I was drunk, drugged, confused, embarrassed, heartbroken and just a complete mess. Never again would I go to a party, I swore to myself, never again.

We finally arrived at my house and Killian parked right in front. He opened his door and I quickly straightened my back.

“I-I-It’s fine, you don’t need to get out,” I stuttered. He hesitated at first but didn’t push it, closing the door back shut and putting his seatbelt back on while I undid mine.

“Are you going to be okay?” he asked. My parents were definitely going to kill me but I forced a smile, eyes focusing on everything else but his while giving him a small nod. But I was a terrible liar and as transparent as glass, it wouldn’t surprise me if Killian wasn’t convinced. “If you don’t feel good, give me a call, okay?” He paused, raking a hand through his hair. “Right, I forgot that you can’t call,” he grumbled. “At least send me a text if you need anything.”

“I will,” I lied thickly, quickly opening the door and stumbling out of his car. My lower member still throbbed from earlier, especially after he- I mentally shook my head, pushing away the vivid memory and clearing my voice. “T-T-Thanks for the ride.”

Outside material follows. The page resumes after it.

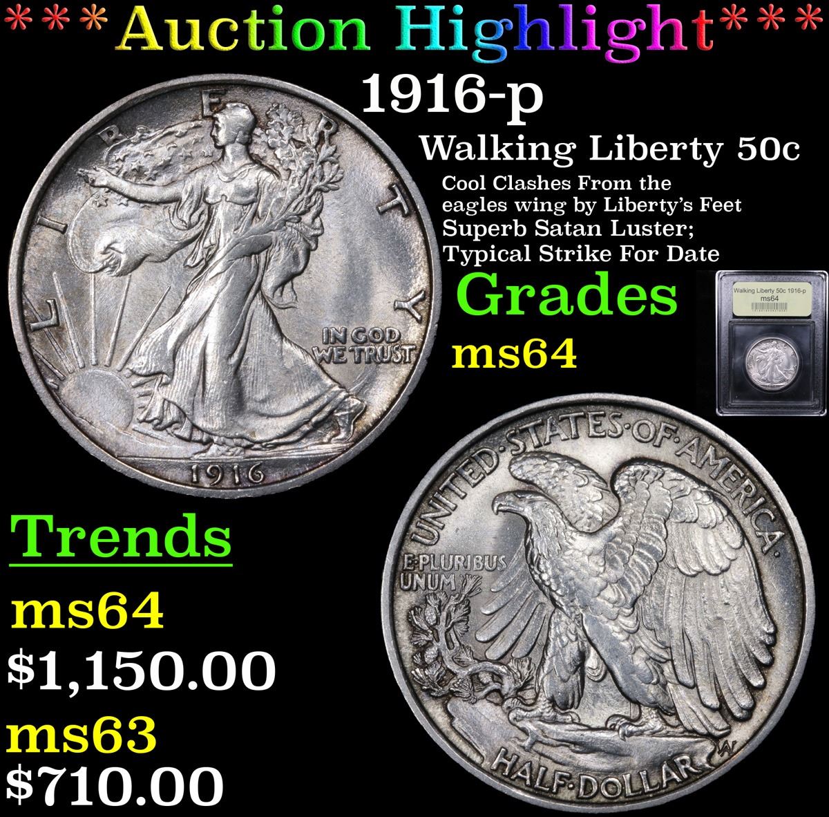 ***Auction Highlight*** 1916-p Walking Liberty Half Dollar 50c Graded Choice Unc By USCG. 0

“Yeah,” murmured Killian in a small voice as I closed the door. But before I turned around, he called my name. “Jones,” he said in his husky voice. “About what happened earlier,” my eyes widened in embarrassment. “I know that it was what you consumed that made you like that, so don’t worry about it.”

I focused on the pavement below, hoping that the darkness of the sky would hide my red face.

Everything I said and did wasn’t because of the alcohol and drugs. They only amplified the feelings that I already had for him, and for Killian to push that away and say that my actions weren’t genuine… It hurt me. I could feel my tears well-up in my eyes, but I sunk my nails into my palms and forced a smile, finally looking up towards Killian only because my vision was blurry.

“Thanks for understanding,” I said, speaking in as steady of a voice as a could. “You’re right, I wasn’t myself, so could you do me a favor and forget about it? Let’s just pretend that nothing happened,” I bit my lower lip as my voice cracked, using all my willpower not to burst into tears. “Please.”

I didn’t know if Killian actually believed me or if he was just doing it for my sake. Or maybe for his own, who knows?

“Of course Jones,” he promised.

“Then I’ll see you whenever you come back to school!” I grinned cheerfully, giving him a wave before turning around and walking towards my house. The second I turned my head, my smile fell into a quivering frown. I could hear his jeep drive away and put my hand over my mouth as I staggered forward, letting out a muffled whimper, tears streaking down my face.